— RECORDED DATA —

^^^^

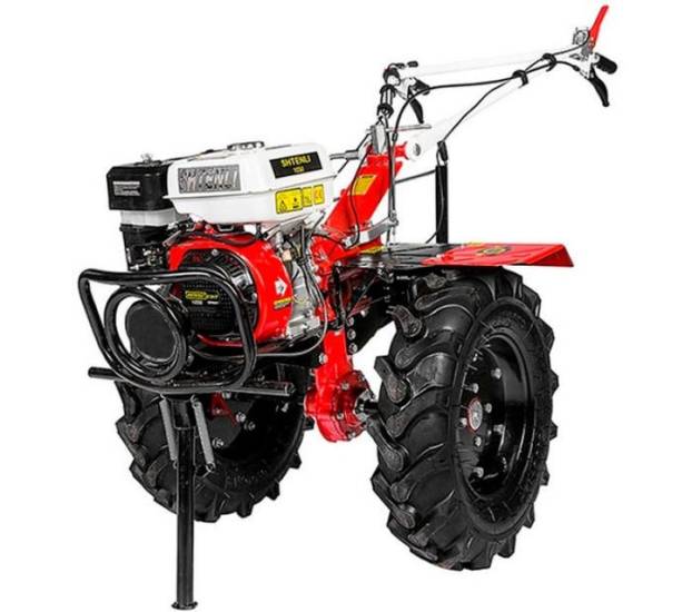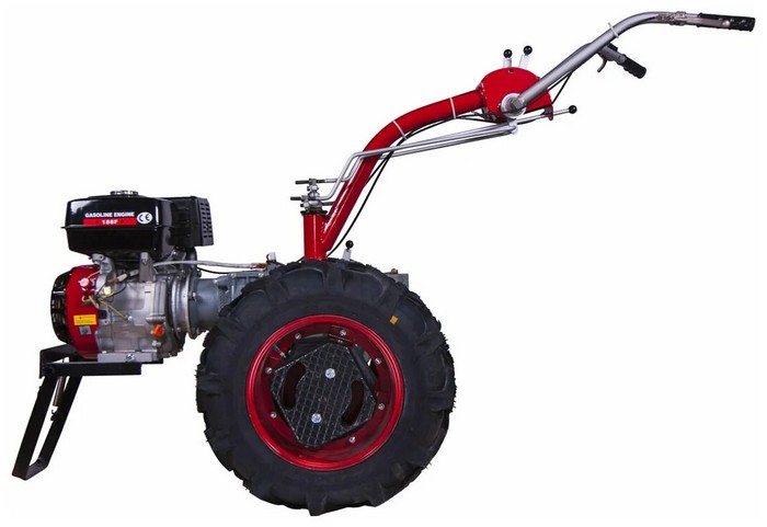 Применение различных навесных принадлежностей значительно расширяет функционал устройства. Улучшенная проходимость достигается благодаря большим резиновым колёсам с выраженным протектором, который обеспечивает отличное сцепление с грунтом. Металлические крылья на колёсах защищают оператора от брызг и грязи.
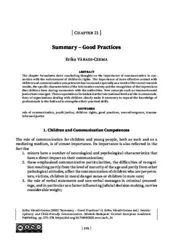 Váradi-Csema, Erika (2025) Summary – Good Practices. In: Interdisciplinary and Child-Friendly Communication. Human Rights – Children’s Rights . Central European Academic Publishing, Miskolc, pp. 273-278. ISBN 9786157027152
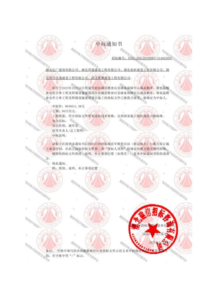 首页 >> 工程项目 >>中标项目 >> 谷城县粮食应急储备保障中心成品粮库、准低温粮食仓库主体工程及附属设施建设项目

^^^^

— PROBLEM —
Repeat the listing exactly; do not print any picture.

— TASK RESULT —
 Применение различных навесных принадлежностей значительно расширяет функционал устройства. Улучшенная проходимость достигается благодаря большим резиновым колёсам с выраженным протектором, который обеспечивает отличное сцепление с грунтом. Металлические крылья на колёсах защищают оператора от брызг и грязи.
 Váradi-Csema, Erika (2025) Summary – Good Practices. In: Interdisciplinary and Child-Friendly Communication. Human Rights – Children’s Rights . Central European Academic Publishing, Miskolc, pp. 273-278. ISBN 9786157027152
 首页 >> 工程项目 >>中标项目 >> 谷城县粮食应急储备保障中心成品粮库、准低温粮食仓库主体工程及附属设施建设项目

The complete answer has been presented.